5. Mr. K. Kumar, learned Counsel for the assessee respondent has, on the other hand, argued that there are categorical findings that the Calorimetric sorting machine imported by the assessee was not fit for use for want of entire machinery for which they had placed order with the foreign supplier. Learned Counsel has maintained that the machinery in question was unfit for use and the foreign supplier was not insisting on re-export of the same and therefore the only option available to the assessee was to abandon the goods which is permissible by circular dated 10-9-1999. Mr. Kumar has also submitted that the circular dated 10-9-1999 is not retrospective merely on the basis that the bill of entry was presented on 8-8-1997. According to the learned Counsel the application seeking the benefit of circular was filed on 25-10-2002 (Annexure A. l) where the prayer for destruction of imported goods was made. He placed reliance on condition no.12 A of the notification dated 3-6-1997 and further reliance was placed on circular dated 10-9-1999. 6. After hearing the learned Counsel for the parties we are of the considered view that this appeal lacks merit and is thus liable to be dismissed. There are categorical findings recorded by the Tribunal to the effect that the entire machinery for which the assessee had placed the order with the foreign supplier, had not been supplied resulting into its non-installation. The machinery received in part became unfit for use and the foreign supplier has not even insisted on re-export of the same. Therefore, the only option left with the assessee was to abandon the goods by seeking permission as per the requirement of circular dated 10-9-1999. In that regard reference is made to sub-clause (B) of clause 2 of the circular which reads as under : 2. The matter has been examined. I am directed to say that following instructions may be followed in this regard : (A) xx xx xx xx xx (B) Goods imported and found defective/damaged or otherwise unfit for use. (i) The units may be allowed to receive free replacement of the goods imported and found defective, damaged or otherwise unfit for use, prior to the export of the same. However, re-export of such defective/damaged or otherwise unfit for use goods may be subsequently made later.

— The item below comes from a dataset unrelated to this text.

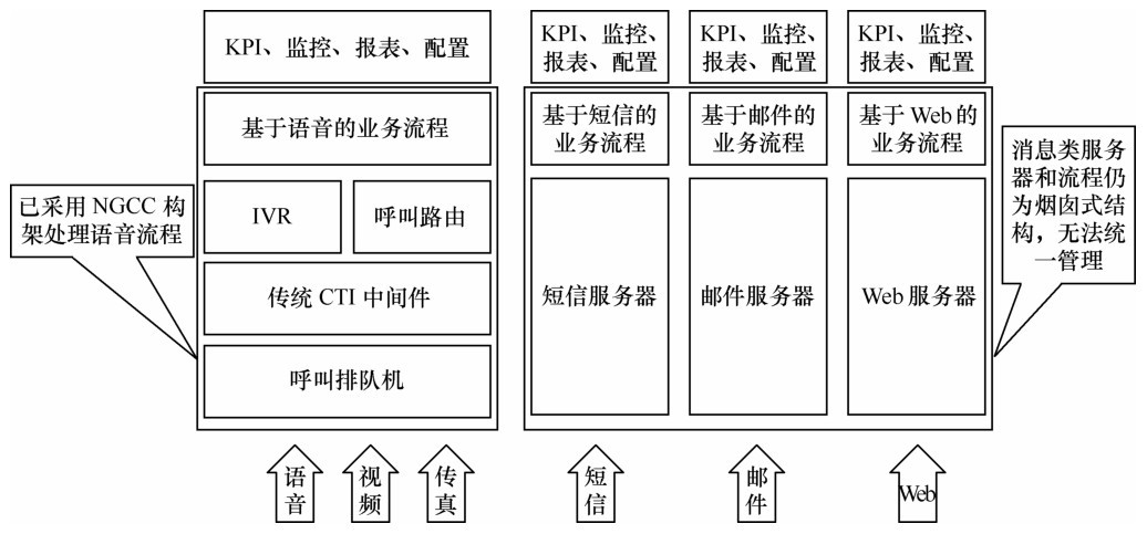 如圖8-2所示,在現(xiàn)有的呼叫中心系統(tǒng)中,盡管已經(jīng)采用了NGCC的軟交換構(gòu)架,但仍然是煙囪式的縱向分層結(jié)構(gòu),如短信業(yè)務(wù)、郵件業(yè)務(wù)和Web業(yè)務(wù)分別由不同的服務(wù)器接收,然后分別建立基于短信的業(yè)務(wù)流程、基于郵件的業(yè)務(wù)流程和基于Web的業(yè)務(wù)流程,再對短信、郵件、Web的業(yè)務(wù)內(nèi)容分別進(jìn)行監(jiān)控、路由,分別給出報表、數(shù)據(jù)配置、對外接口等。這種煙囪式的縱向分層結(jié)構(gòu),缺點是非常明顯的。首先,無法為各種業(yè)務(wù)進(jìn)行統(tǒng)一排隊并選擇合理的坐席為客戶服務(wù)。例如,該系統(tǒng)無法對基于語音的客戶和基于短信的客戶進(jìn)行統(tǒng)一排隊,以致于坐席無法同時服務(wù)于語音呼叫的客戶和基于短信的客戶。其次,對每個業(yè)務(wù)建立不同的流程(如基于語音的業(yè)務(wù)流程、基于短信的業(yè)務(wù)流程、基于郵件的業(yè)務(wù)流程、基于Web的業(yè)務(wù)流程),又對每個系統(tǒng)(如語音客服系統(tǒng)、郵件客服系統(tǒng)、短信客服系統(tǒng)、Web客服系統(tǒng))分別進(jìn)行監(jiān)控、配置等操作,這增加了系統(tǒng)的繁瑣程度,降低了系統(tǒng)效率。再次,煙囪式的縱向分層結(jié)構(gòu)中,不同的客服系統(tǒng)對外給出不同的接口(如語音/視頻客服系統(tǒng)接口、郵件客服系統(tǒng)接口、短信客服系統(tǒng)接口、Web客服系統(tǒng)接口),這不利于第三方應(yīng)用的開發(fā),也不符合統(tǒng)一通信的原理和趨勢。
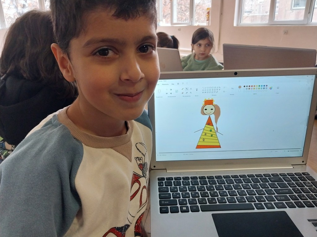 Ազգագրության փառոտոնի շրջանակում սովորողնեը paint ծրագրի օգնությամբ նկարեցին տարազով տիկնիկներ։

(i) The units may be allowed to receive free replacement of the goods imported and found defective, damaged or otherwise unfit for use, prior to the export of the same. However, re-export of such defective/damaged or otherwise unfit for use goods may be subsequently made later. (ii In case, the supplier of such defective, damaged or otherwise unfit for use goods does not insist on re-export of such goods, the same may not be re-exported subject to the condition that such goods shall be either destroyed with the permission of Assistant Commissioner of Customs/Central Excise in charge of unit or cleared into DTA on payment of full customs duty. 7. A perusal of the afore-mentioned clause makes it evident that in case the goods supplied are unfit for use and the supplier does not insist on re-export then such goods are required either to be destructed with the permission of the Assistant Commissioner of Customs/Central Excise, Incharge of the unit or cleared into DTA on payment of full customs duty. The circular appear to have been issued on account of difficulties being faced by the export oriented units like the petitioner in regard to replacement of goods imported or exported which have been found to be damaged or defective or otherwise unfit for use. Therefore, there arises no substantial question of law warranting admission of the appeal. The appeal is wholly without any merit and the same is, accordingly, dismissed.